1. Field of the Invention
This disclosure relates to computer technology for implementing computational fluid dynamics analysis.
2. Description of the Related Art
Computational fluid dynamics (CFD) analysis is a complex technology involving strongly coupled non-linear partial differential equations which perform computations in a finite difference form supported by a discrete grid domain containing complex geometric shapes.
CFD analysis is often applied to flows typical of aerospace systems. Such flows often are characterized by the Mach number, which may range from 0 to 25. Such flows often have high Reynolds numbers resulting in regions of laminar flow becoming turbulent flow. Boundary layers are created by flows along body and inlet surfaces. Internal flows may have adverse pressure gradients. Shock waves, accompanied by separation of the boundary layer, may be present at transonic, supersonic and hypersonic speeds. Real gas effects may become important at hypersonic Mach numbers. The geometry of the system may be complex and unsteady flow may be present.

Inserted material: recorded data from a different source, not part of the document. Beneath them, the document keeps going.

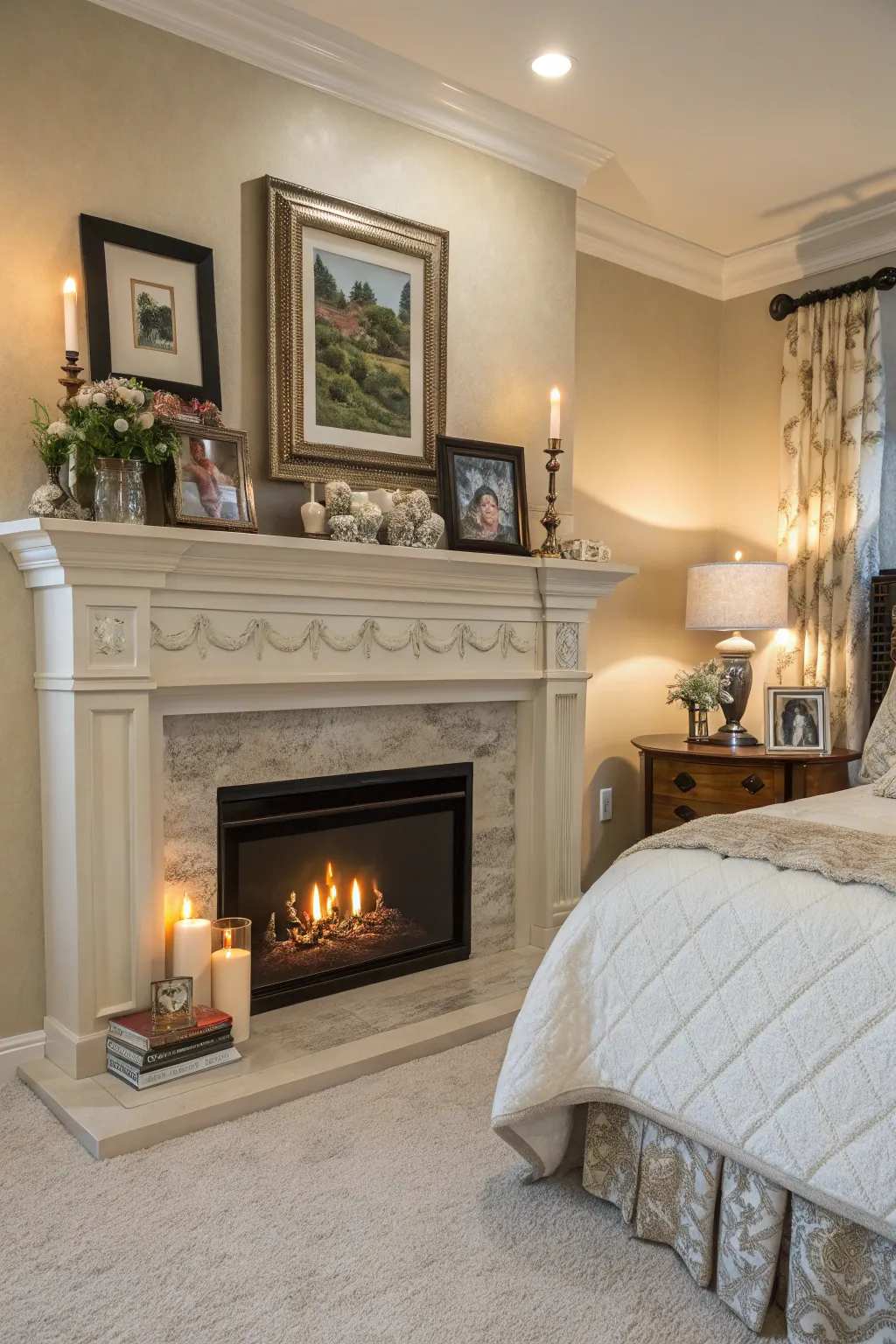 A decorated mantel above the simulated hearth displays personal keepsakes and seasonal decorations.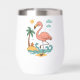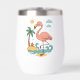 Sip in tropical style with this whimsical flamingo wine tumbler! It features a cheerful beach scene complete with a palm tree, waves, and a pink flamingo basking in the sun. The stemless design is easy to hold and comes with a secure, splash-proof lid—making it perfect for poolside lounging, beach picnics, or cosy evenings at home. Holds 11 oz of your favourite beverage with flair.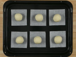 【パン生地】一次発酵後の生地をパンケースから取り出し、6つ(約40~45g/1個)に分割して丸め、霧吹きをしてラップ材をかけ、室温で約10分休ませます。
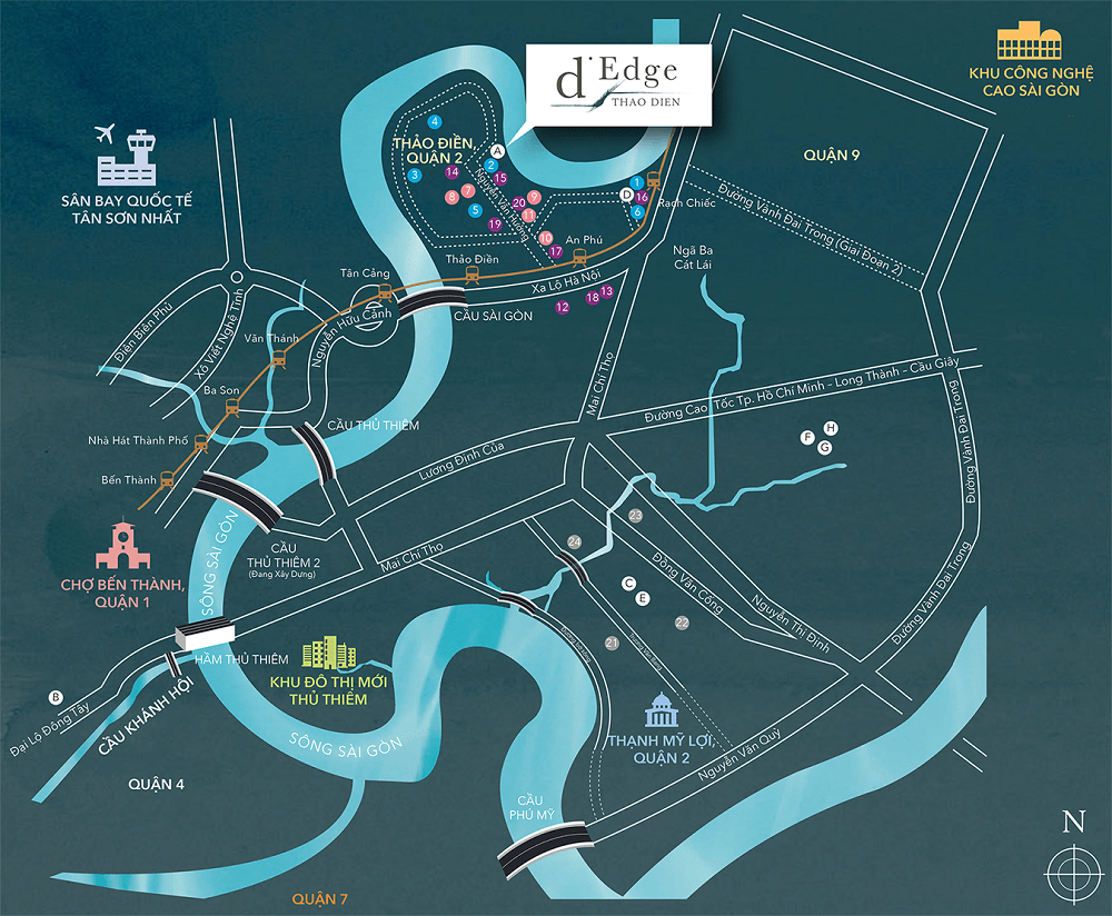 D’Edge tọa lạc ngay mặt tiền Nguyễn Văn Hưởng, P. Thảo Điền, Tp. Thủ Đức, Tp.HCM. D’Egde Thảo Điền sở hữu vị trí vô cùng đắc địa trên đường Nguyễn Văn Hưởng, đây được xem như mảnh đất vàng còn lại vì tại nơi đây là khu vực có nhiều người nước ngoài sinh sống và làm việc từ rất lâu nơi đây hình thành nên khu dân cư Âu Mỹ nên rất đa dạng về nền văn hóa cũng như môi trường sống rất văn minh hiện tại mang phong cách Châu Âu. Đặc biệt, từ dự án di chuyển đến các quận trong trung tâm thành phố vô cùng tiện lợi.

The efficacy of the CFD analysis depends on the manner of subdivision of the three-dimensional space. The numerical approximation of the Navier-Stokes equation contains errors that depend on the local density of tetrahedral subdivision and the local flow situation. Often times, deficiency of density distribution in the space is known only after the completion of a CFD analysis. Practitioners of the art have long desired to have an accurate, fast, and robust tool to modify the grid by h-refinement or some other means. However, modern computational mesh may contain more than 100 million cells. It is a monumental task for practitioners of the art to analyze both the solution and the mesh to decide where and how to perform mesh refinement efficiently within a reasonable amount of time and with a reasonable amount of effort.
Another impediment to applying the h-refinement procedure for advanced CFD analysis is that the conventional method of refinement subdivides each targeted cell into eight parts. Should refinement be required again at the location of the original cell, two steps of division would result in 64 parts, an unwieldy number. To make matters worse, the rules for grid integrity would require the subdivision of neighboring cells into eight, four, or two parts at each step of h-refinement.
The foregoing examples of the related art and limitations related therewith are intended to be illustrative and not exclusive. Other limitations of the related art will become apparent to those of skill in the art upon a reading of the specification and a study of the drawings.
Embodiments of the present disclosure meet the long-felt need for an accurate, fast, and robust tool to modify the grid by h-refinement.